Hypnotron II wasn’t officially completed (both creators stress to me that the project never truly felt done, but they needed a stopping point) until 2024.
In between that time, it was casually brought to a few shows in Europe, where it was mentioned in places like Pinball News and a couple of forum threads, but otherwise never garnered much attention in the community.
I thought this approach was strange, but again pointed to why Hypnotron II isn’t your typical pinball project. When zap and Max first brought this game to my attention, I expected to see a lot more community discussion about the work, particularly given how mind-bending the trailer comes across and how long it’s been in development.
That it wasn’t discussed much was by design. As zap told me, “I chose to go low profile during the development, not because I was afraid that somebody would steal the idea or whatever because I never had an intention to market the thing, but because I just wanted to work on it kind of by myself and not deal with the whole pinball community, deal with the comments, and get a lot of influence from people.”

There can be almost a meditative state to producing art, where it’s not always about the final product but about the craft and the process of creating something from nothing. Sometimes the art comes from the thoughts, ideas, and emotions that reveal themselves through rote repetition. Sanding an edge till it’s smooth. Pecking at keys. Perfecting a beat.
When I asked Max about what Hypnotron II was about and the creative journey of it, he kind of alluded to the same concept, “I’d say like even in my artistic practice, I have a deep appreciation for puppetry, but storytelling is not in my wheelhouse, but like the craft and kind of expressing yourself through the craft.”
When zap described the process of building the game – purchasing an old Firepower cabinet, fashioning the playfield in their bedroom by hand, Frankenstining parts together from old games–I very much pictured a steadfast pinball monk of sorts, hunched over a workstation, slaving at a fuzzy idea of a vision only they and Max understood.

Technically, it’s a neat product. The projector is mounted above the playfield in a way that players don’t typically notice at first. As the pinball rolls around the table, it engages switches on the playfield which send signals to the custom graphics engine and changes the visuals displayed by the projector. It’s a lightweight enough engine that visuals can be altered in real time while the game is running. This graphics engine is paired with the open-source Mission Pinball Framework and various off-the-shelf or recycled components.
One major upgrade the team made just before wrapping up work was the addition of a pair of high-quality studio monitors to the backbox to give the game’s audio some punch. The game is designed to be experienced in a dark room with the sound turned up high for full sensory immersion.
Hypnotron II is more or less finished now and sitting in zap’s game room in Germany. I asked zap if they had plans to tour it around, take it to shows, and such.
“I was thinking about [Dutch Pinball Open] this year, but I’m not sure about it because I don’t think I have a lot of time to work on the game… also, it’s pretty stressful to bring a game to a show because that’s all you do during the show.”

I got the sense that the two were maybe feeling a bit of burnout on the project, even if they were excited to finally get it in front of a few more people in the pinball community.

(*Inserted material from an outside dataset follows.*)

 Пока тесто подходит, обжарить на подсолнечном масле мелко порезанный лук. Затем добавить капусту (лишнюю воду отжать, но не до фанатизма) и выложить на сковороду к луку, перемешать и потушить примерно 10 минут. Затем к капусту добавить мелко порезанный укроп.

The other side of creative projects like these that people don’t always talk about is that they can be exceptionally draining for the creator. Sometimes it’s important to take a step back to refill the creative well before jumping into a new phase or taking on a new project.
“It’s like we kind of burn ourselves out doing these projects. So I think this year I’m taking it easier, I think zap's taking it easier. But you know the knack is still there. We still want to get back to it at some point.”

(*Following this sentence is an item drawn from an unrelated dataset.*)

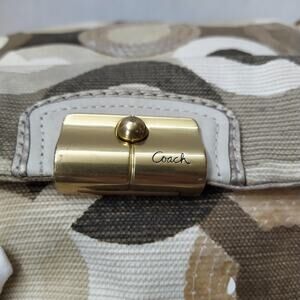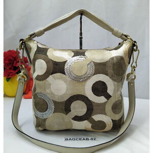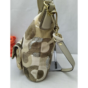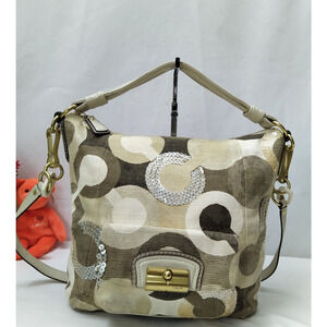 Coach Kristin Signature Siquin Canvas Leather Buckle Zipper Hobo Shoulder Bag

If the next project is anything like Hypnotron II, I can’t wait to see what might be coming next.
I’ll leave this piece with an aside from Max at a different point. It’s funny, despite working on this project for six years, he has never had it in his hometown for any period.
“Damn, I hope we can bring the game to Montréal at one point. It’s always been a dream.”
Maybe the pinball community can do something about this?